In other words, their process has 20% error in laboratory conditions.
In academic terms this is amazing to me. Frankly, 80% accuracy is much higher than I expected. But as a commercial market research tool I'm not sure of the value, 20% is a big margin of error in terms of significant difference in market research data. To be fair, Koppel and Argamon made no assertions as to the commercial value nor did they suggest an application. Their work is impressive and important and I want to be clear that I'm not suggesting otherwise. I'm merely asking the question, if a blog analytics vendor had 20% error in a gender recognizing algorithm, would it be commercially valuable?
Consider this:
You collect blog posts from 200 bloggers that mention your product.
Automated text analysis identifies 100 as male and 100 as female.
70% of the males posts indicate that they like your product.
50% of the females indicate that they like your product.
So, males like your product more than females, right? Wrong. These results are inconclusive. Why? Because what if 20% of your males that liked you products were really misidentified females and 20% of the females that didn't like your product are misidentified men? Then 70% of (actual) females like your product and 50% of males do. With 20% error the difference is not statistically different.

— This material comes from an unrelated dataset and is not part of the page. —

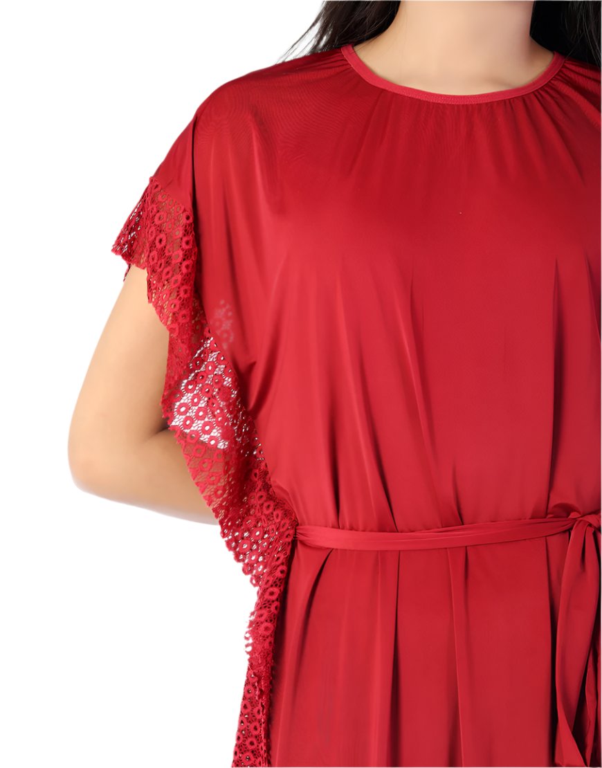 Zweiteiliges Nachthemd mit Rundhalsausschnitt und seitlicher Spitze – Maroon

With that said, you have to have a measured difference over 40% (twice the potential error) to be considered significant. If the measured results are this big, chances are you won't need an analytics tool to measure it.
And keep in mind, 80% accuracy is in laboratory conditions – consistent target audience, correct grammar and complete sentences, reasonably length works (> 42,000 words). The average blog post is something like 200 words. Half the time the blogger is quoting someone else, uses poor grammar, incomplete sentences and images of cartoons on business cards. Uh, wait, that last one is just Hugh Macleod. The point is that the blogosphere is anything but laboratory conditions. I can't imagine anyone is accurately determining gender for 80% of all posts in the blogosphere.

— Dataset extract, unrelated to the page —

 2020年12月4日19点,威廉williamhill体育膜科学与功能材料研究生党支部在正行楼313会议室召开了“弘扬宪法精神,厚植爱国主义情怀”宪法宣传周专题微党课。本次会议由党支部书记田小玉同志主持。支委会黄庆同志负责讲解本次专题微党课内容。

Koppel and Argamon also tell us that formal writing is more difficult to determine gender. And that females tend to be "involved" writers while males tend to be "informational" writers. These differences are more subtle as the genre moves from fiction to non-fiction thus making the determination more difficult. Also remember that the simplified implementation of the Gender Genie skews masculine.
Thinking again at how this information might apply to blog analytics, it would seem to me that the younger the writer, the less formal the writing would tend to be and the easier it would be to determine gender. In older writers, or more specifically, bloggers, I would think that writers would start to skew towards more informational, utilitarian styles. I'm guessing that Gen X and Boomer women that are blogging, on average, aren't writing diary styles blogs at LiveJournal but instead are writing about Java and Passionate Users or Marketing and Public Relations. And if you were talking politics? What then...

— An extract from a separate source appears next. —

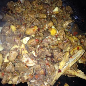 不断翻炒后,水开始涨,放入大蒜、土豆(香菇)。市场翻炒。
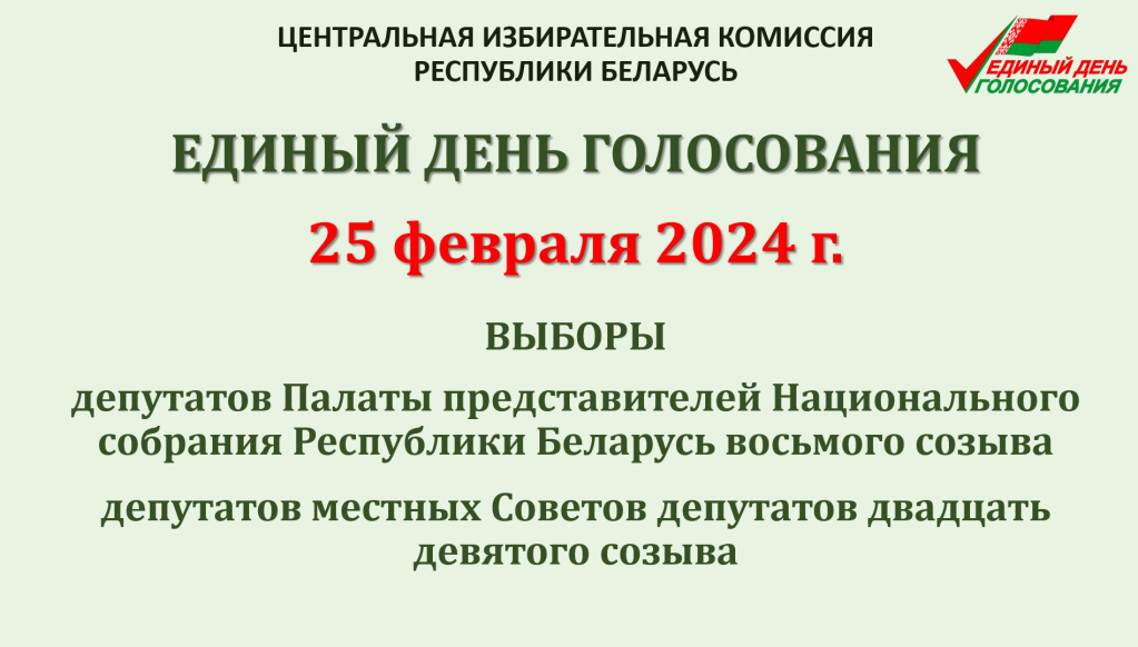 «Нынешняя избирательная кампания станет самой масштабной в истории суверенной Беларуси. 25 февраля 2024 года белорусы будут выбирать депутатов всех уровней - в Палату представителей Национального собрания Республики Беларуси 8-го созыва и в местные Советы 29-го созыва, а 4 апреля определится состав Совета Республики. Еще одна особенность - это формирование состава Всебелорусского народного собрания - органа, который по итогам референдума обрел в Беларуси конституционный статус» - отметила Елена Анатольевна.

Well, Umbria provided Buzz Reports to CNN for the 2004 Presidential Election, the site is here. They showed the demographic breakdown of blog posters that mentioned Bush in a pie chart that follows:

Now, look at the distribution of men to women, in total and among the three age groups. Does that look right to you? How could this change with 20% error in gender identification? What's Umbria's estimated error? I don't know. Thus far, they're not saying. But if you're considering buying research from anyone using these types of text analytics it is a question you should ask.